Was he worried about the damage HS2 would cause to the landscape and particularly to historic houses and English heritage? 'Some damage will be inflicted' to landscape and heritage. 'The government has to make tough choices.'
Doesn't sound good for historic house owners or fans of the countryside.
I have got back to my hotel for a disco nap [read: blogging session]. Our event with Ed Vaizey was a resounding success – he gave a frank but optimistic talk about getting the wealthy to give more, and our audience consisted of philanthropists, politicians and people from the third sector. A full transcript and photos will be on the website soon, but for now, here are some of Ed's key themes and quotes:
> Philanthropy is not a complete substitute for government funding and 'Britain's arts ecology' (philanthropy, government, arts orgs themselves) works well in its balance.
> There are two main problems in encouraging the wealthy to give:
1) 'Too many [arts orgs] think that the conversation with a donor ends when the cheque is written.' Not only do donors not get quantitative feedback or evidence of impact, they don't even get a polite acknowledgement: 'Getting a thank you is a pretty astounding achievement; that's a terrible culture we have to change.'
2) 'We need to celebrate people who give money to arts organisations. There's nothing wrong or grubby about that.' If Lloyd Dorfman gives £10 million to the National Theatre, then certainly his name should be above the door.
This could also be done with public rewards: 'I want the honours system to recognise specifically the work people have done in giving to good causes.' There is 'potentially a denigration of success in Britain': whereas in America, philanthropists are lauded, we are more critical here. (These are already recommendations in the Giving White Paper.)
William Cash, Josh Spero, Ed Vaizey
> Everyone in a charitable organisation needs to think of themselves as a fundraiser: when the head of an arts organisation told Ed he'd understood that he was the chief fundraiser for his organisation, Ed said this was much too late: 'If you can't realise this, why the hell should anyone write you a cheque?'
> This year is, apparently, 'the year of corporate philanthropy', according to Jeremy Hunt, but Ed said: 'What we're potentially talking about is a century of philanthropy': arts orgs should start building up their endowments, but it won't happen this year or next.

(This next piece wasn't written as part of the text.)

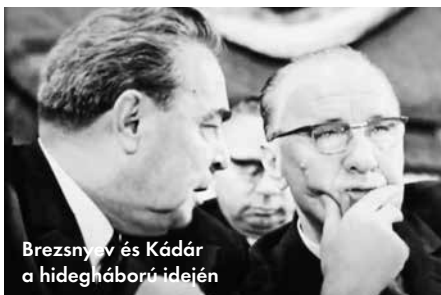
Brezsnyev és Kádár a hidegháború idején

Kónya Imre: – Mind a szovjet csapatok kivonása, mind a Varsói Szerződés megszüntetése közepette muszáj volt figyelemmel lenni a szovjet, illetőleg az orosz érzékenységre is. Tehát nem lehetett azt gondolni, hogy mi most, egyik pillanatról a másikra, áttesszük Nyugatra az országot, és ezt az oroszok nyugodtan nézik. Ugyanakkor meg kellett tenni bizonyos határozott lépéseket is, hogy azzal segítsük elő a

> Catalyst, DCMS's new matched funding scheme, will provide a great incentive for charities to work harder for donations, he said.
In my third encounter with Ed Vaizey today, I saw him after our event on the Hacked Off panel with Hugh Grant, Zac Goldsmith, John Kampfner and Martin Moore, hosted by Alice Thompson of the Times. It was not a thoroughly enlightening occasion, with Grant playing the loveable rogue fighting for privacy, Ed and Zac mostly on the loyal defensive and John Kampfner making entirely reasonable points.
Very little of news or interest came out; there was a general agreement on the need for stricter regulation of the press, though there were no working journalists on the panel to put another view.
Ed Vaizey, on the subject of Andy Coulson, did rather unfortunately say: 'If [David Cameron] knew then what he knows now, he would never have married him.' He quickly corrected himself.
Zac Goldsmith, perhaps having wandered down an unintended path of arguing for greater regulation of politicians, said there would be no-one to hold him to stop him becoming the BNP's first MP or (effectively) sodding off to the Canary Islands for four years: MPs can only be stopped at general elections. (Or by being sent to prison, as the expenses scandal proved.)
Happily, no-one has had to die as this entire blogpost, lost earlier, has been recovered by our clever techie people at Wide Area.
I have just been to a NESTA (National Endowment for Science, Technology and the Arts) event called 'Cultural Value: Creative industries in a digital world'. The speakers were Ed Vaizey MP (don't forget our event today), Charles Hunter of Mudlark ('a partnership between a games company, a TV company and a web company') and Peter Tullin of (inter alia) culturelabel.com, an online shop for the arts. The chair was Geoff Mulgan of NESTA, which funds early-stage projects and companies.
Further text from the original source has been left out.